The purpose of this study is to evaluate human thermal comfort by spatial structure and to explore solutions to improve the thermal environment of a small urban space. The study site was Korea University campus. Thermal conditions were measured to evaluate the quality of the thermal environment in each type of space within the study site. Micrometeorology measurements, analysis of space characteristics for using fish-eye lens photography, and thermal comfort modeling through the use of collected meteorological data, such as temperature and humidity, were performed. Results showed that the level of thermal comfort for humans differs depending on the types of space within the study site. Thermal comfort is better in open spaces than enclosed in the aspect of radiative mean temperature, Predicted Mean Vote(PMV), and Physiologically Equivalent Temperature(PET). This fact is probably due to shadows or buildings or trees that may block solar radiation.

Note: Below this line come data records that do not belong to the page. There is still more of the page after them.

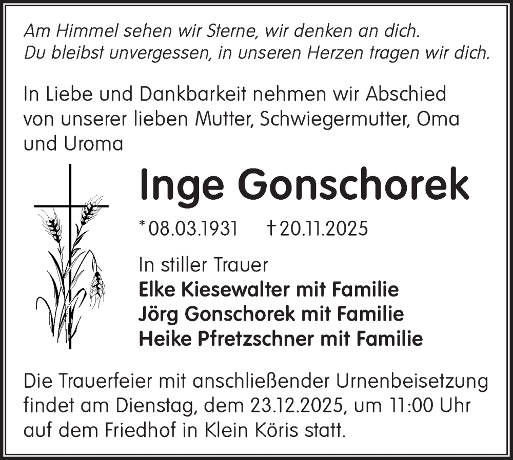 Hier finden Sie alle Traueranzeigen aus der Zeitung, die bisher für Inge Gonschorek erschienen sind. Weitere Traueranzeigen, die in der Zeitung erscheinen, werden hier ebenfalls aufgelistet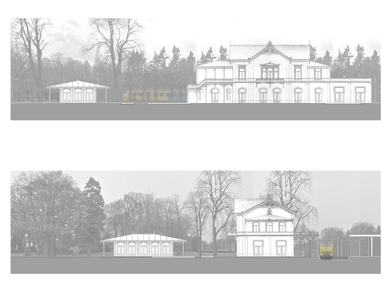 Het nieuwe paviljoen wordt aan het stationsplein gesitueerd met aan de zuidzijde een buitenterras met uitzicht op de aankomende en vertrekkende treinen. Aan de noord en oostzijde grenst het paviljoen aan het Amaliapark. Een nieuw padenstelsel verbindt het park met de omgeving.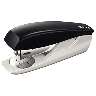 Stapler for up to 25 sheets (80 gsm paper) for home, school and occasional office use, uses two different types of staples 24/6 or 26/6 Staples: 24/6 staples and 26/6 staples (6 mm leg length) fasten up to 25 sheets of 80 gsm paper, also works with Leitz white staples which are invisible when photocopied Space-saving: Fits on every desk and most drawers thanks to its compact size, anti-slip feet won’t mark furniture, integrated staple remover Mix and match with other products from the Leitz NeXXt range, 3 years guarantee, no staple jams plus accurate stapling due to Patented technology of the stapler, top opening for easy refilling, rotating anvil for open or closed stapling, 180 degrees opening enables nailing function, GS Safety tested Content: One Leitz stapler NeXXt range, Noir, 55010095, dimensions (W x H x D): 33 x 49 x 120 mm, weight: 99 g, includes: 200 x 24/6 staples To use with Leitz Power Performance staples always sharp edges due to ongoing quality checks for perfect stapling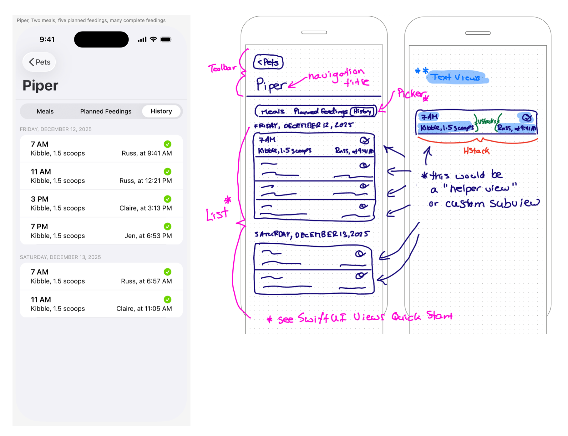 - From your app prototype made in Sketch earlier this year, working in class with a screenshot of a view selected by Mr. Gordon, you will author a rough plan, showing what stacks (H, V, and Z) and other views you plan to use.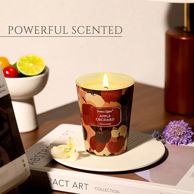 HomeLights Soy Wax Candles for Home Scented, 1-Wick Candles in Apple Orchard Scented, Aromatherapy Candles Gift for Parties, Relaxing, Eclectic Mixed Styles, 6.7oz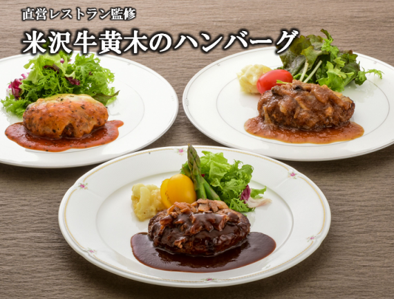 米沢牛と国産豚を使用した、お肉の旨みをお楽しみいただけるハンバーグです。 フレッシュマッシュルームを使用し、奥深い味わいに仕上げたデミグラスソース。トマトソースと、とろけるチーズが絡み合うイタリアンソース。3種類のきのこを使用し、野菜と醤油をベースにした和風ソース。黄木直営レストランのレシピを基に3種のソースで仕上げました。湯煎で温めるだけで簡単にお召し上がりいただけます。
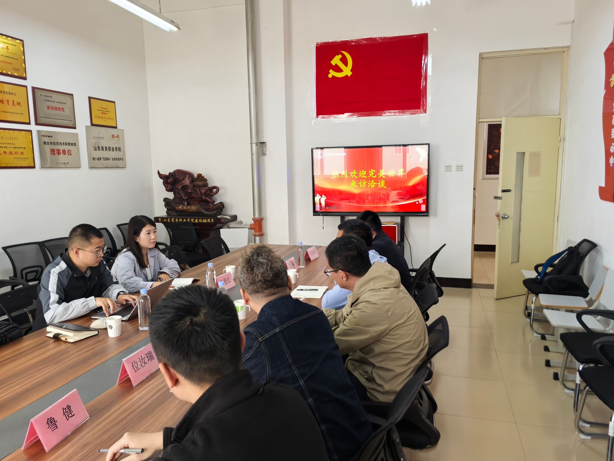 本站讯 近日,艺术设计学院与国内数字文创领军企业完美世界就校企合作事项在1B404举行洽谈,双方围绕产教融合、人才共育、技术创新等领域展开深度探讨,共同探索艺术教育与产业需求无缝衔接的新范式。

Thus, it is necessary to consider the spatial arrangements of buildings and trees to enhance openness and ventilation in the space. Paving materials and exterior building materials should also be selected to lower the radiant temperature. Given these results, a quantitative evaluation on human thermal comfort could propose a way to plan user comfortable small urban spaces. Study methods used and results provided in the study can promote a better way for urban space planning direction to improve environmental quality.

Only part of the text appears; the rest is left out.